It seems that just about everyone is "connected" today. Whether you're walking down the street, in the supermarket, at school, work or even the gym, everyone is looking down a their smartphone either sending or reading the latest text message. We are driven by this need to be connected 24/7, compelled to tweet our latest experience or thought. We update Facebook about our latest escapade, or even something as mundane as what we ate for breakfast.
Thoreau said,
"The mass of men lead lives of quiet desperation."
That desperation is played out everyday on Facebook, Twitter, and other websites. We are desperate to be connected; we're desperate for significance; we want people to know that we matter. But we're also afraid of being known. Don't get too close...especially if you happen to be the Creator, the God of the Universe who started all this. Like Adam and Eve in the Garden of Eden, we're naked and God really sees our nakedness, but we are still hiding behind bushes, or text messages, or tweets, or our latest Facebook update.

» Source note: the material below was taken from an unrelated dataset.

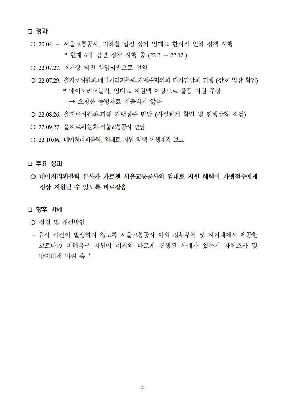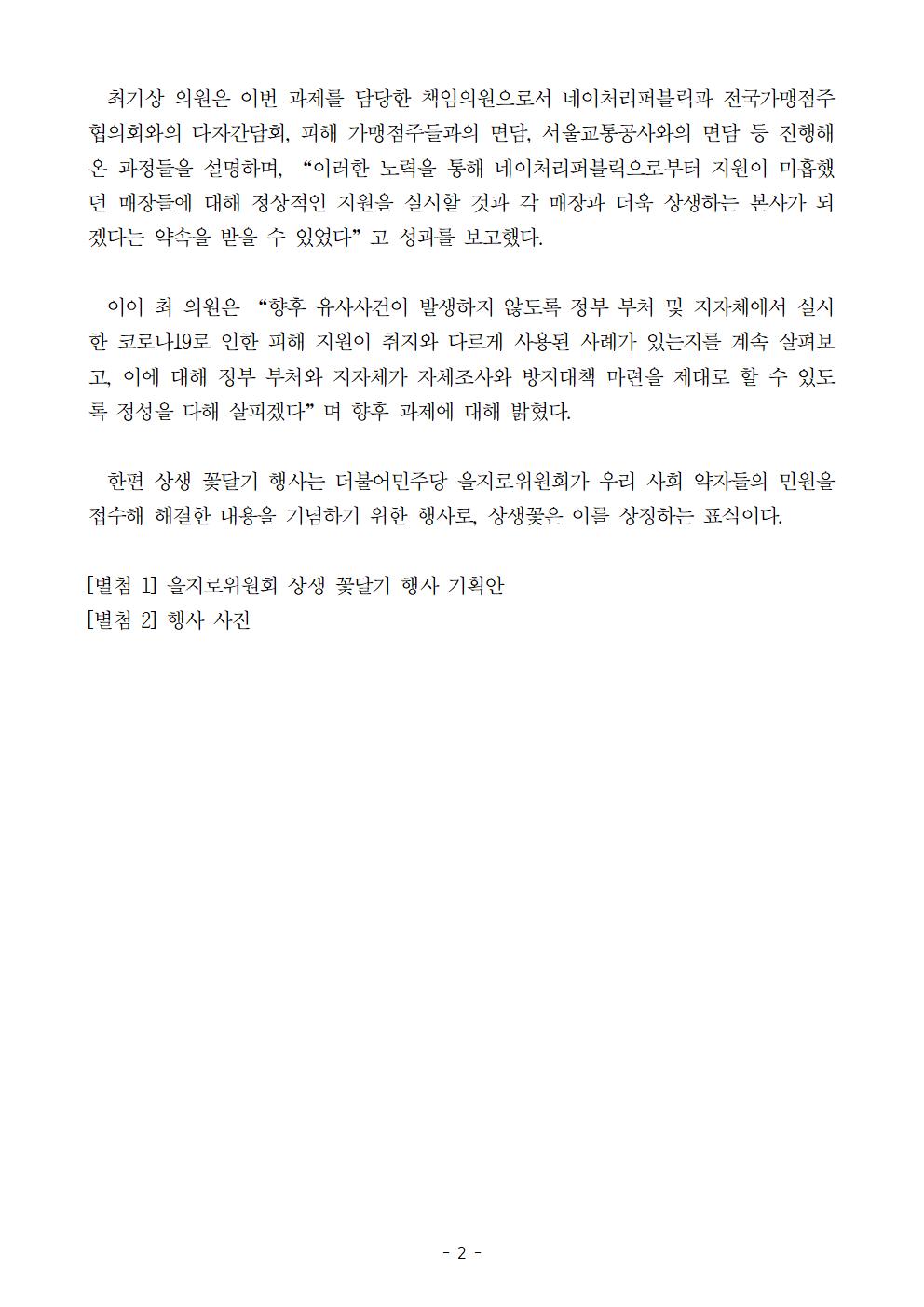 [보도자료] 더불어민주당 을지로위원회, 사각지대에 가려진 네이처리퍼블릭 점주 지원 문제 해결

Elizabeth Scalia writes in Strange Gods: Unmasking the Idols in Everyday Life, In "those rare moments when we find ourselves alone and the gadgetry silent, we feel we are at a loss." She says that "silence can be terrifying, but only because it lays bare our loneliness , our self-recriminations, and our doubts. Possessing nothing that is equal to those depths, we sense the need to distract ourselves and the cycle begins to churn again."
Scalia called these our "strange new idols"--our iPhone, iPad, Twitter, Facebook, etc.
I also think we are afraid of silence and desperately try to keep from experiencing it because it might allow us to hear the voice of our Creator. His voice is best heard when we aren't immersed in a cacophony of noise and mindless activity.
We need to allow ourselves to hear from the One who knows us intimately, even if we don't know ourselves. He knows what makes us tick. He is the only One who can give true value and meaning to our daily existence.We allow our smartphones and other electronic idols to stand between us and God. We nourish these idols and give them an elevated place in our daily existence. But at the end of the day, no matter how much we've fed them and no matter how many tweets we've sent out, we're still face to face with the emptiness of our souls.
We visit websites of those who think like we think, vote like we vote, believe what we believe and we live in our own little cultural ghetto. As Elizabeth Scalia says, "We begin to serve the idol of the idea, alone." Even our thinking becomes idolatry. We need to have a mindblowing experience, to have our thinking elevated to new heights and see people and this world through the eyes of God. To realize that those things that are impossible with man, are possible with God.
How can we escape from this delusion, this ghetto of our own making? By shutting off the iPhone and all other devices for a few hours and allowing yourself to BE. Not doing something, but just sitting in silence by yourself. It might be scary at first because it's so foreign, so strange. But you might actually hear another voice that will begin to feed your soul.